Technology is more than innovation and invention. It’s more than accessibility, efficiency and productivity. It is, for Marzanne Collins, CIO at Harambee Youth Employment Accelerator, the toolkit that allows for organisation and individual to drive change for social impact. For her, technology is the key that’s needed to unlock the potential in people’s lives and to transform their quality of life.
Collins’ love of technology has evolved alongside her career – from a student doing mathematical statistics at Nelson Mandela University, to a management consultant at Accenture, to completing her MBA at the IE Business School in Madrid, to where she is today. Harambee is a not-for-profit social enterprise that tackles the global youth unemployment challenge using data, partnerships and on-the-ground experience.
My move into technology was sideways
I enjoy analytical thinking and have been exposed to large technology programmes and data analytics roles throughout my career, from analyst to consultant to working with various incubators and accelerators. I learned the value of problem-solving and analytical reasoning from my MBA and realised that technology is less about the science behind it and more about how it can solve problems in society. It was this combination of analytical thinking, a love of technology and the realisation that these can be applied to solving real problems that led to my role at Harambee.
“I love applying my skills for social impact and leading technology-driven change.”
South Africa is a hotbed of creativity and talent
While studying for my MBA with my European counterparts, I realised that while South Africa has unique social challenges, it also has incredible talent and creativity. There’s an excitement here when it comes to solving problems and using skills to change things for the better that isn’t present overseas.
I love applying my skills for social impact
I’m doing something I love. Out of the many areas that I’ve worked in in the past, for the first time, I’ve realised that I love applying my skills to make a social impact. I want to lead technology-driven change for social impact and to work with purpose. This is our core vision and strategy and I love working with likeminded people who care about what they do and the impact they have. Unemployment is one of the country’s biggest problems right now and I think that technology and inventive thinking can help resolve this challenge sustainably. We are currently supporting one million people and have placed 150 000 people into jobs this year.

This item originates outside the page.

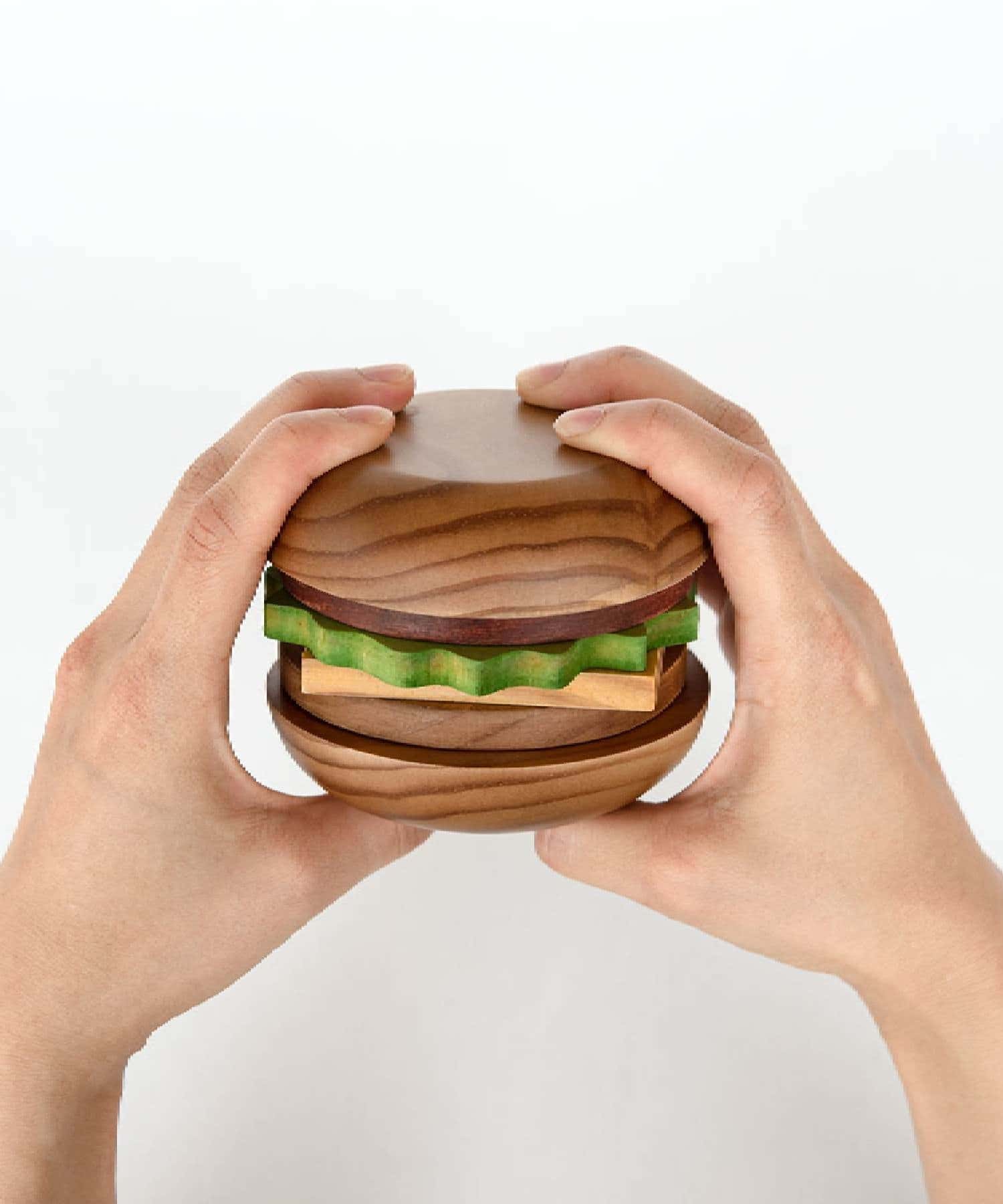 まるで本物のよう!?天然木でできたハンバーガー型コースターセット

Technology can create division
While technology does offer people opportunity, can connect people to healthcare and education, it can equally create division. If you design technology that’s only accessible by certain devices, then you run the risk of leaving people behind. Technology should be something that everyone can access and use; it’s important to look at who is excluded and how to minimise those exclusions.
Be kind to yourself
I come across a lot of young people who want to map out the next 10 years of their life, but you need to be open to learning and not be hard on yourself if things don’t work out. Be kind to yourself as life is a learning journey. Don’t be scared to ask for advice, to listen and to build networks that allow you to connect with the right people in different areas of technology. Join the networks that are involved in data science or coding or infrastructure because you’ll discover where the industry is going and the people who are taking it there. There is one tenet that I believe in wholeheartedly. I call it Tech Bravery and it is defined by being bold and doing what is right.